◆ **What this task involves**
Directions for the data below: repeat exactly the lines from the one with "不同调脂药物的临床作用特点见" through the one with "Sie nett, denn", both included, and omit all pictures.

◆ **Data provided**
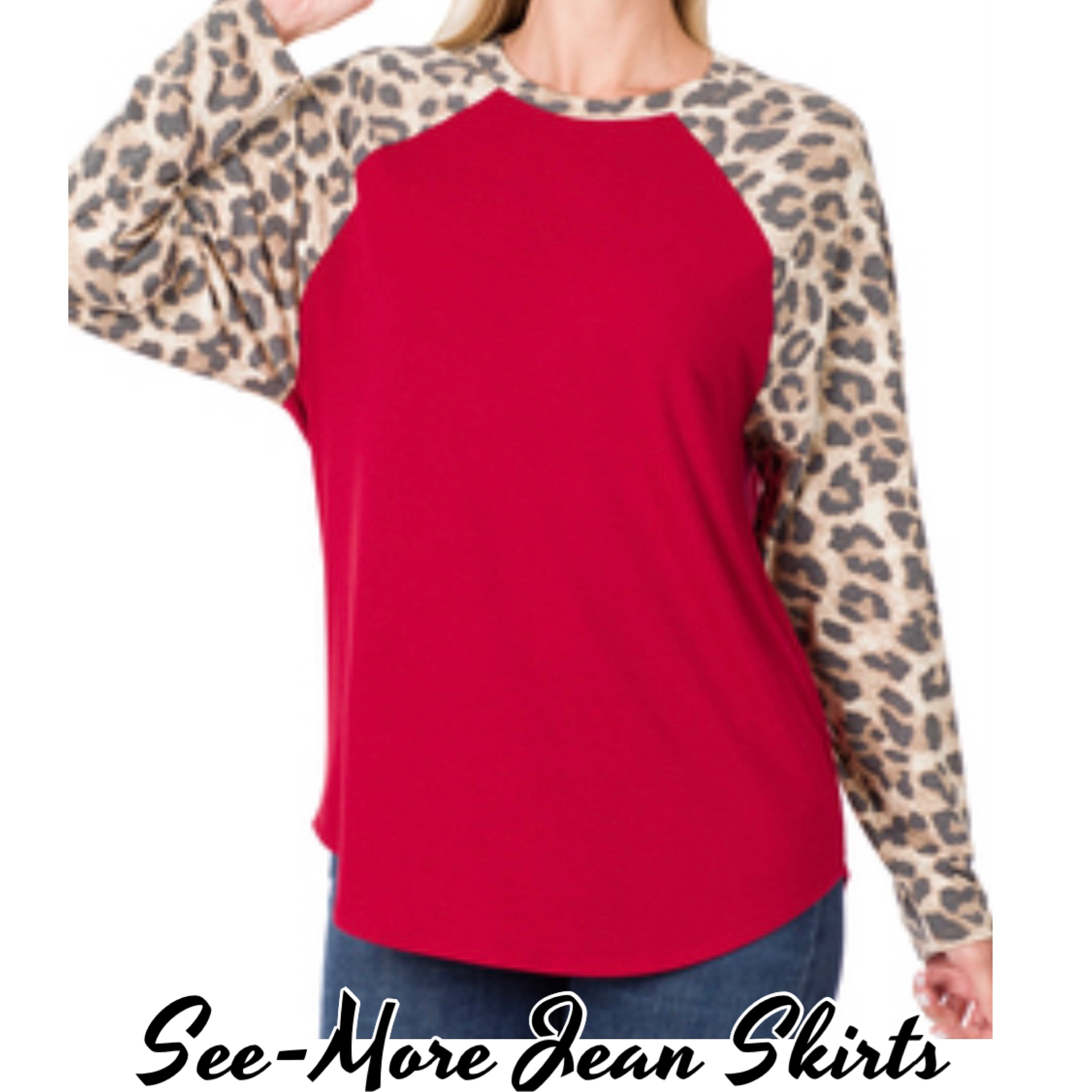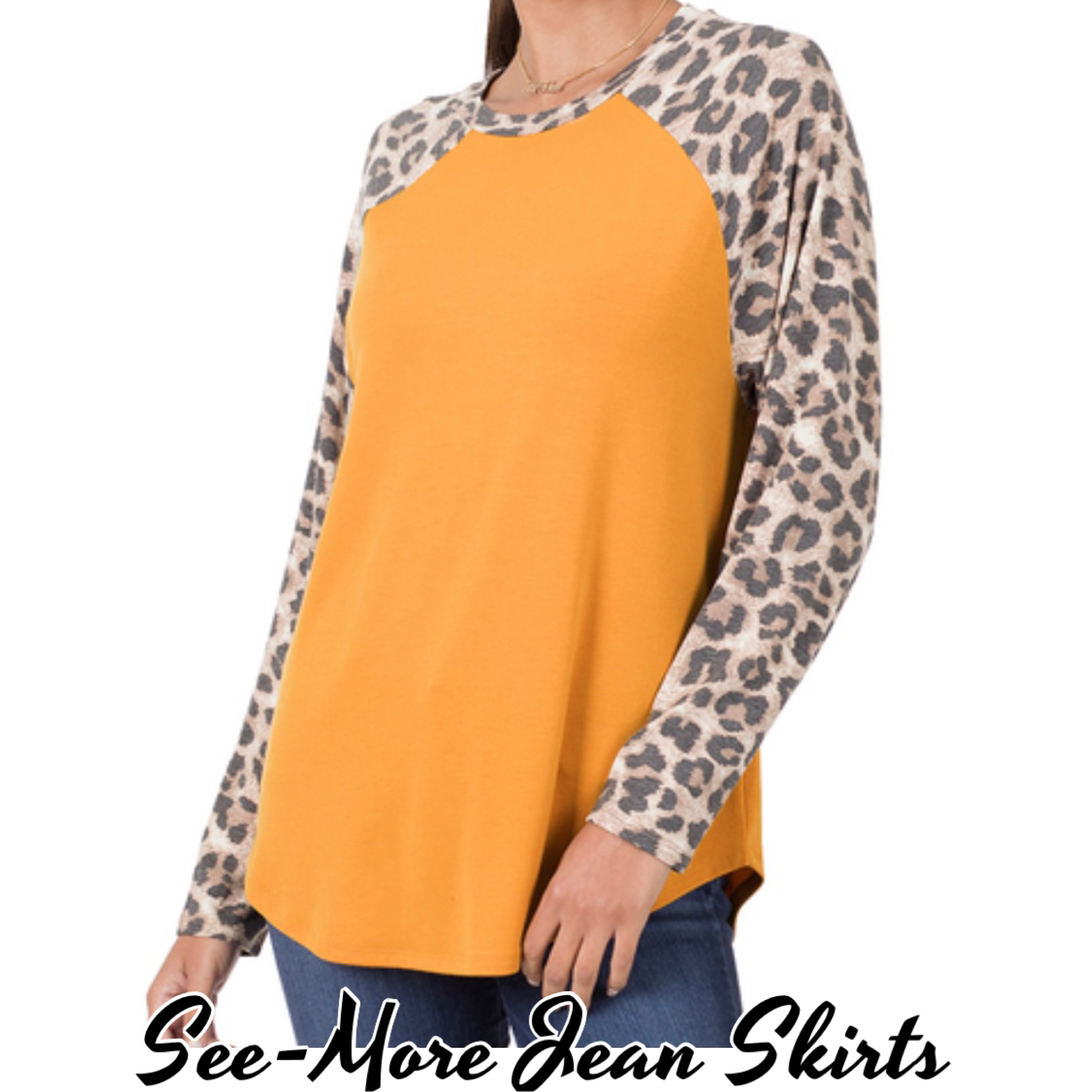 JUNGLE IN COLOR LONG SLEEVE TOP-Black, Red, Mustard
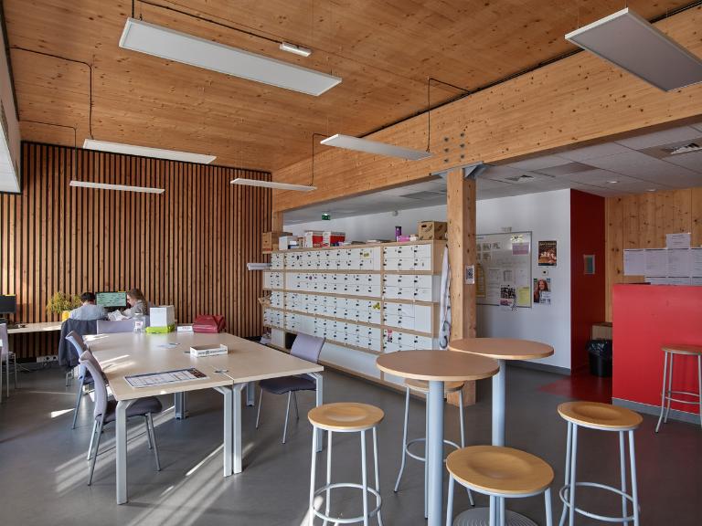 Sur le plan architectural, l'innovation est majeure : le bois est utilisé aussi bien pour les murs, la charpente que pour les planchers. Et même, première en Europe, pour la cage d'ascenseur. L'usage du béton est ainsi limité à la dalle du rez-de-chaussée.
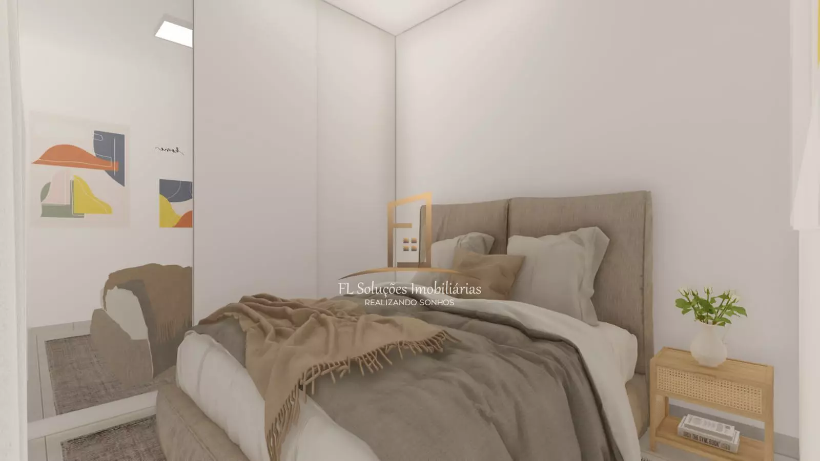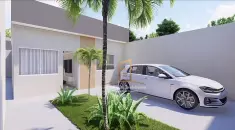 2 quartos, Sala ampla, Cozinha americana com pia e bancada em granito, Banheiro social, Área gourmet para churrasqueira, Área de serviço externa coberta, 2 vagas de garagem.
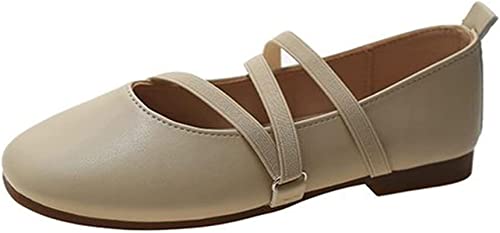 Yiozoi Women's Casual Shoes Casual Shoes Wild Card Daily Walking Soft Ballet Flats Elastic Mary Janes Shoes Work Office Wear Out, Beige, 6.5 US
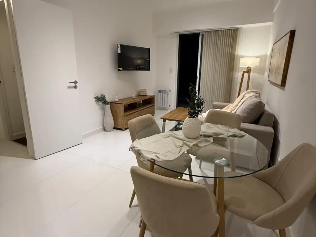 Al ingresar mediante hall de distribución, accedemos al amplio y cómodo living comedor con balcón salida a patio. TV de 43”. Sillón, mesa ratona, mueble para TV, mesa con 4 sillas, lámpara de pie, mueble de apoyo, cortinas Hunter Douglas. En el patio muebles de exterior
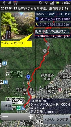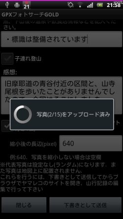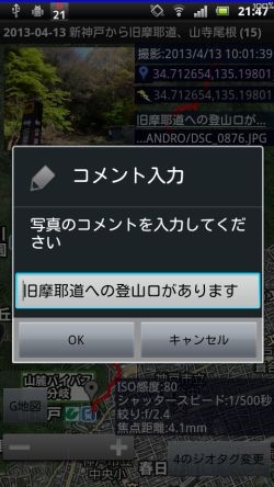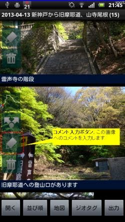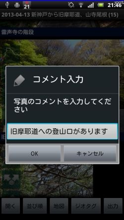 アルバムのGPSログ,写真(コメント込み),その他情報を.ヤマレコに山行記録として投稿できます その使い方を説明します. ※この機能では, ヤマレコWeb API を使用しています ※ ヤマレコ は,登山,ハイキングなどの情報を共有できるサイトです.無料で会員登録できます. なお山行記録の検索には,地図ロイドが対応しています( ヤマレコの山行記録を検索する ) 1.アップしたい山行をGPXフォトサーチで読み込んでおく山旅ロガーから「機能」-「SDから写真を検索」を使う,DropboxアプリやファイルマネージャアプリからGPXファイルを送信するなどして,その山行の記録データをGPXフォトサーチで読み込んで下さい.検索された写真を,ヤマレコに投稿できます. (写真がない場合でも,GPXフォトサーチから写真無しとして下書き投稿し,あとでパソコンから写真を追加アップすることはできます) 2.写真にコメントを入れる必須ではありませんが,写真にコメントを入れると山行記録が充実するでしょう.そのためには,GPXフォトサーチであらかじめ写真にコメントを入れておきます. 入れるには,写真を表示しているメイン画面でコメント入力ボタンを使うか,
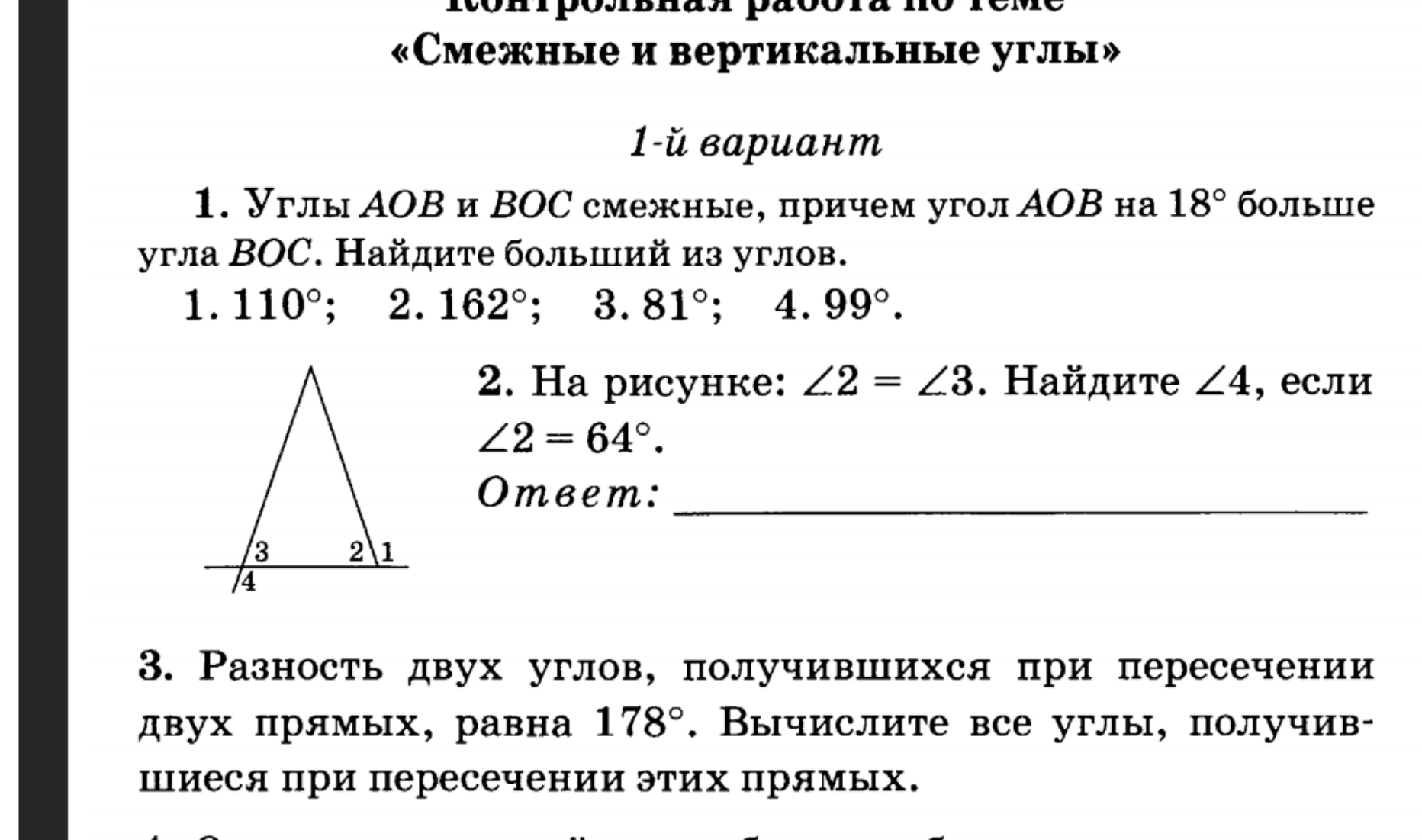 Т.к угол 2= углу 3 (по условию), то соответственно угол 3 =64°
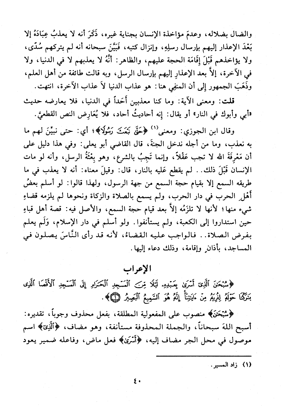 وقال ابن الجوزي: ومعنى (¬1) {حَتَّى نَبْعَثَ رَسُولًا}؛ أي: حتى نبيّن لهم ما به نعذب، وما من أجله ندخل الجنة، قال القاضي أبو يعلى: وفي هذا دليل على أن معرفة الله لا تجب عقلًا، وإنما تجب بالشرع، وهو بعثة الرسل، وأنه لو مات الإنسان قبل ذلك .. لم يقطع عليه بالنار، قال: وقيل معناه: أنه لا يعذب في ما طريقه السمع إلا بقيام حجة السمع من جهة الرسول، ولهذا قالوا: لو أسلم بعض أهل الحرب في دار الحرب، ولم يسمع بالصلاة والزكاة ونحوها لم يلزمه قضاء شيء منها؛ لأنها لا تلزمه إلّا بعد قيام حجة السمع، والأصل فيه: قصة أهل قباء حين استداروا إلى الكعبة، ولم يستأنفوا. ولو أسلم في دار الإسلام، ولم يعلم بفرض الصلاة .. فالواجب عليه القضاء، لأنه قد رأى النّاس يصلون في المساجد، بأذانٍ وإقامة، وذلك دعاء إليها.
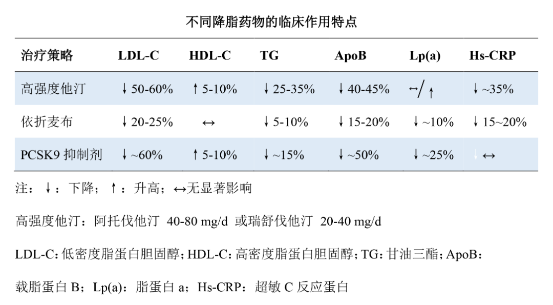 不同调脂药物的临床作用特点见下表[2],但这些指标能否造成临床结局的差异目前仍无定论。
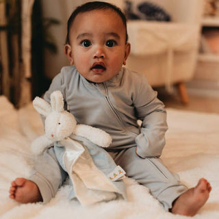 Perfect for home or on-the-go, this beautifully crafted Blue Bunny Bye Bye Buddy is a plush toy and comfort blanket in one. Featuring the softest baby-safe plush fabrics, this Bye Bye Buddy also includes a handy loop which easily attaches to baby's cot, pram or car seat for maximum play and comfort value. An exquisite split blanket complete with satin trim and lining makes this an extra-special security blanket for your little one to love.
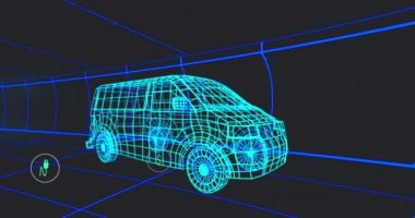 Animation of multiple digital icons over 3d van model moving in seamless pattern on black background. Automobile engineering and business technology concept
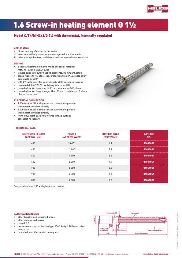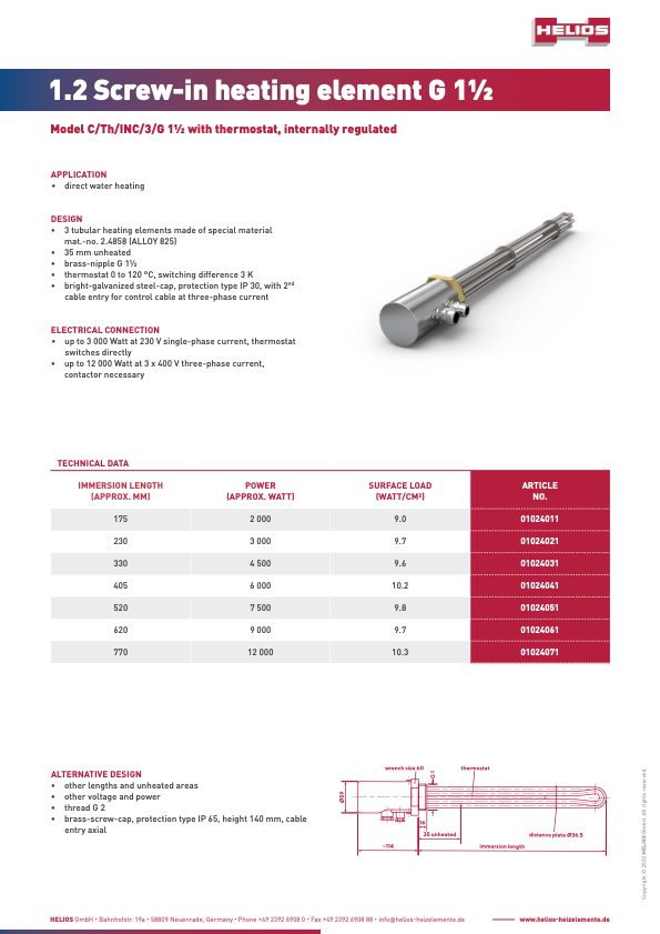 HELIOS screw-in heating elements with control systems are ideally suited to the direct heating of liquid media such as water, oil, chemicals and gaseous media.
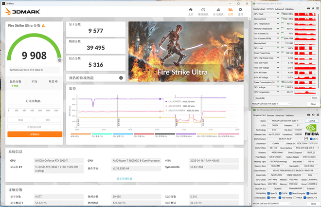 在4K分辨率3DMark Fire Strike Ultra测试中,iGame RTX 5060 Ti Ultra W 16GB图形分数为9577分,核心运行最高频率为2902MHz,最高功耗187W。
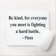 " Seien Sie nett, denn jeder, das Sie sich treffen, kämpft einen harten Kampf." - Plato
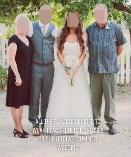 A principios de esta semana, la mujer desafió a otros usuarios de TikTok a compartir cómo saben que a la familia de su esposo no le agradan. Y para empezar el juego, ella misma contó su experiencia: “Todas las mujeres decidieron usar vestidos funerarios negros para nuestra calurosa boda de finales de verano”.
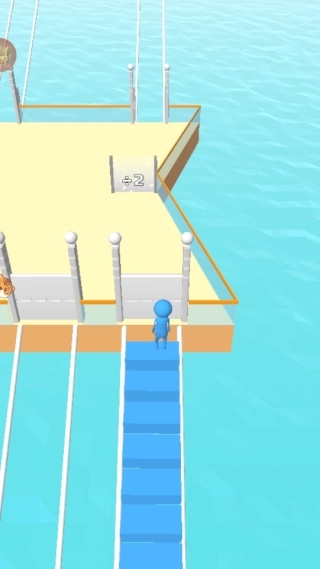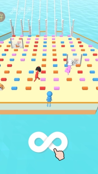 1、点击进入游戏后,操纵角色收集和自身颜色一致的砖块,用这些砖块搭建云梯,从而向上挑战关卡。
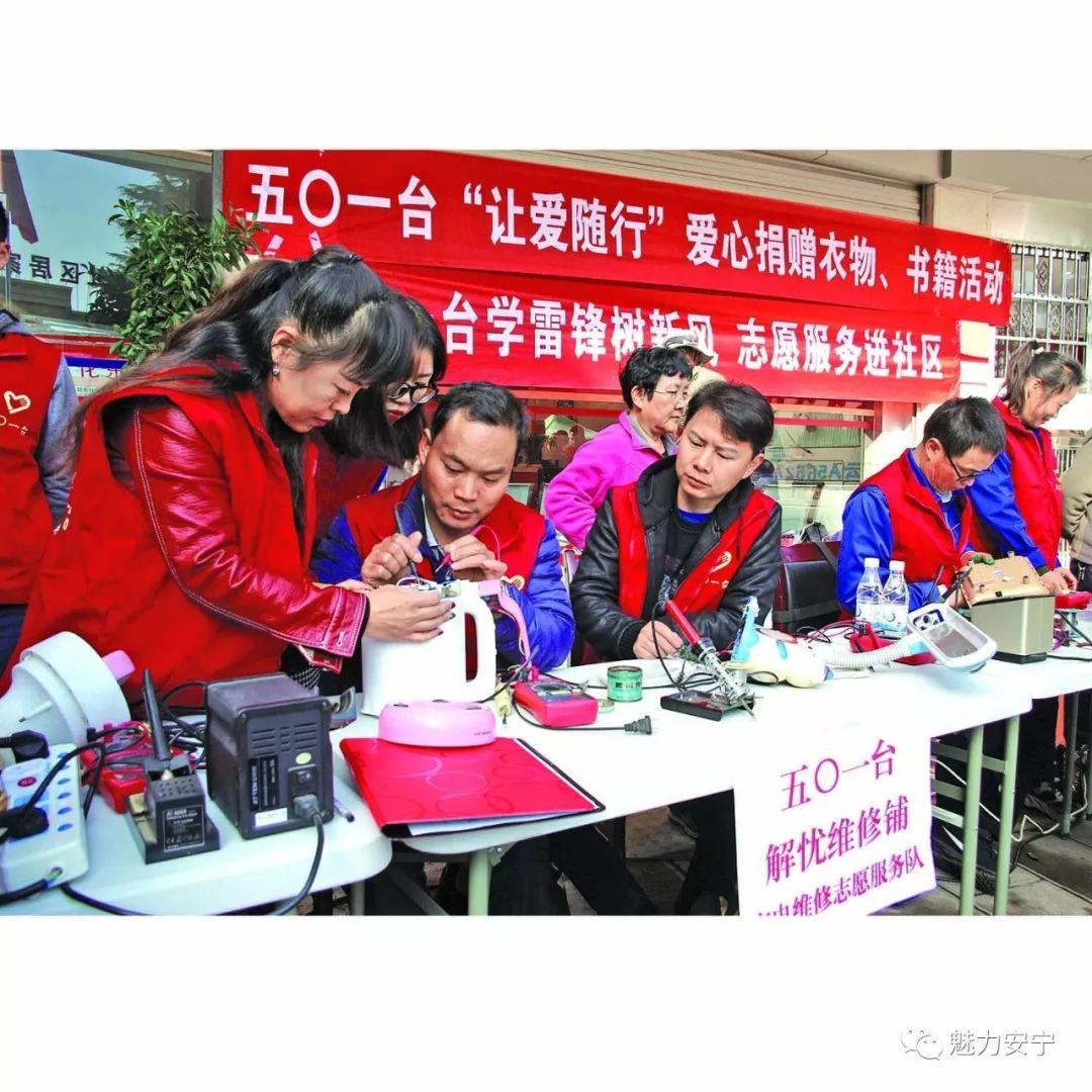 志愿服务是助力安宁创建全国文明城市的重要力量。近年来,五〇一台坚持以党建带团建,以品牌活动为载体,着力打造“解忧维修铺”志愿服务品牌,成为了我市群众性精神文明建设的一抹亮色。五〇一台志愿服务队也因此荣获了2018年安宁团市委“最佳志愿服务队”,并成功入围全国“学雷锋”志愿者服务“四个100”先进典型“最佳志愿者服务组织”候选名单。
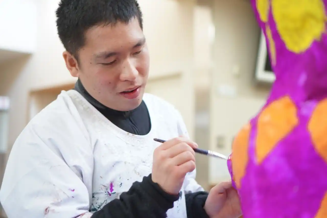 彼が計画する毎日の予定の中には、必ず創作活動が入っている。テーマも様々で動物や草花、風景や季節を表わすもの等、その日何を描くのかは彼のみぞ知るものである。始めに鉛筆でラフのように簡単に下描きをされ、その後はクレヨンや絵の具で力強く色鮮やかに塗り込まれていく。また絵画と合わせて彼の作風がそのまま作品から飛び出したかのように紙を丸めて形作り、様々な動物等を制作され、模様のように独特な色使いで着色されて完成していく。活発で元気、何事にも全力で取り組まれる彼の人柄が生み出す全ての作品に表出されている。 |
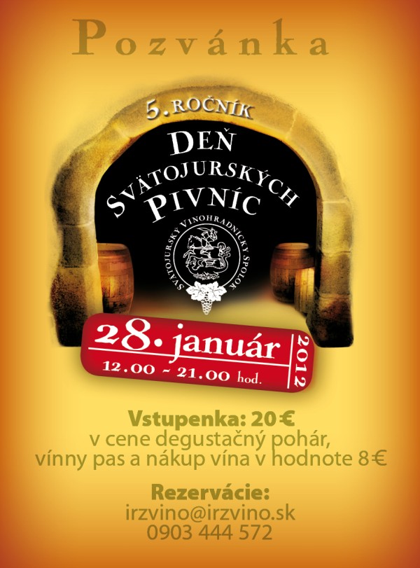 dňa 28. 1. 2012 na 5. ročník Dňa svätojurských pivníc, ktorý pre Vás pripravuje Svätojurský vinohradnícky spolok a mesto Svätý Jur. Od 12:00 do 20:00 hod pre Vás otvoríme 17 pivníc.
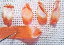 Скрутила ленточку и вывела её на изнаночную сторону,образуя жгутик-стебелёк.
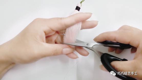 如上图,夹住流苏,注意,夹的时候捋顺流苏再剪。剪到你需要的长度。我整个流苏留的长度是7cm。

◆ **Response**
 不同调脂药物的临床作用特点见下表[2],但这些指标能否造成临床结局的差异目前仍无定论。
 Perfect for home or on-the-go, this beautifully crafted Blue Bunny Bye Bye Buddy is a plush toy and comfort blanket in one. Featuring the softest baby-safe plush fabrics, this Bye Bye Buddy also includes a handy loop which easily attaches to baby's cot, pram or car seat for maximum play and comfort value. An exquisite split blanket complete with satin trim and lining makes this an extra-special security blanket for your little one to love.
 Animation of multiple digital icons over 3d van model moving in seamless pattern on black background. Automobile engineering and business technology concept
 HELIOS screw-in heating elements with control systems are ideally suited to the direct heating of liquid media such as water, oil, chemicals and gaseous media.
 在4K分辨率3DMark Fire Strike Ultra测试中,iGame RTX 5060 Ti Ultra W 16GB图形分数为9577分,核心运行最高频率为2902MHz,最高功耗187W。
 " Seien Sie nett, denn jeder, das Sie sich treffen, kämpft einen harten Kampf." - Plato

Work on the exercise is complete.